Thursday, July 14, 2011

Thank-you for the Love

It is now 8 days since I had surgery, and I'm becoming cognitively capable of sharing with you again. I want to share with you what happened just as I went into surgery.

As I was drifting away under the anesthesia, there was a brief terrifying moment when I realized that I would soon experience a period of time, measures in days, where I would lose all capacity to act or think on my own behalf. Soon, I would lose every skill and strength I had in this world. Then, as physical sensation departed, and thought began to drift away, the self that remained, the true self that remains when all else is stripped away, this self felt something. It was like a cushion of air, only it was more palpable and powerful than the brick and steel of the hospital building I knew my body was in.

This "cushion" was love, the love generated by all of the blessings and prayers and thoughts that were being sent to me by all of the people who cared. And, I knew then, with a knowing beyond thought, that love was the most powerful energy in the universe, and that this love I was receiving would nurture and sustain me through the surgery and difficult time that followed.

And now I know, in a knowing beyond words, that love, your love, the love you sent to me, is what sustained me. Without your love, I would not have made it through.

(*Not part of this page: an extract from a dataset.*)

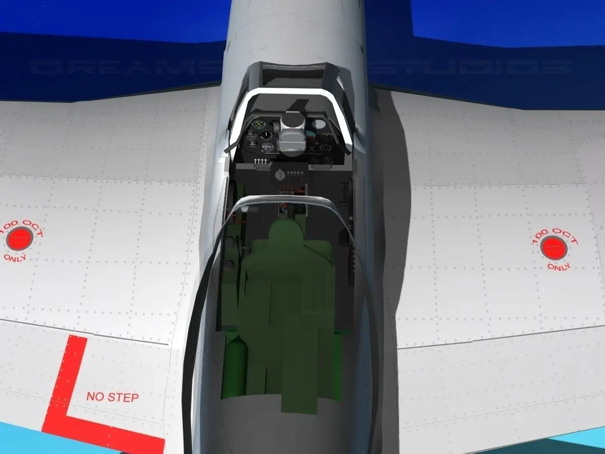 The later upgrade replaced many modeled parts, the textures for the wings and rebuilt the cockpit to include the additional details. Engine, oil reservoir, mounting arms, mounts, oil cleaner intake duct, fuel lines and spark plugs are also modeled. The cowling panels on either side can be removed to reveal the engine. These panels are just like what is found on the real Mustang allowing more realistic views of the aircraft undergoing maintenance. Landing gear features were added, spar, wing fuel tank are included in the wings. You see the rear fuel tank in the fuselage behind the seat. The Fuselage Fuel Tank is modeled as well as a nicely done set of electrical equipment and radios behind the pilots seat.

My heart is bursting with gratitude. I'm happy to still be here. And I know what got me through - your love.

Thank-you for the love.

Namaste
Joe

Monday, July 4, 2011

Surrender to Grace

4 July 2011

Independence day? Hardly.  Today is about surrender.  I'm in surgery prep, including a bowel cleanse - very unpleasant. I'm also spending the time writing, meditating, and communicating with family.  It's a good day.

I realize that I must, for the next few days, completely surrender.  Once the surgery starts, I will be asleep.  Even when I awake, I will be physically weakened, and cognitively impaired by the medications.  For some time, I will be unable to help myself in any way.  

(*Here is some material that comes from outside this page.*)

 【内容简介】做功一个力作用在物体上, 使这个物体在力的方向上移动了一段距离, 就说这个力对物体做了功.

In the past, this would have scared me deeply, and I would be lying if I said I had no anxiety today.  I do.  At the same time, I feel myself uplifted by grace, and I see divine grace everywhere.

I see grace in the skillful surgeon's hands.

I see grace in the knowledge and commitment of the professionals who will be caring for me while I'm in the hospital.

I see grace in the loving support I've received from Cathy and my family, and in the blessings and prayers I've received from many, many people.

And I see grace in the innate healing capacity and impulse that is within me, that I know will begin to take me along a path to healing, even before I'm able to assert myself.

I feel showered in grace, and I'm grateful to be able to surrender, and to know that grace will sustain me, and that all will unfold as it should.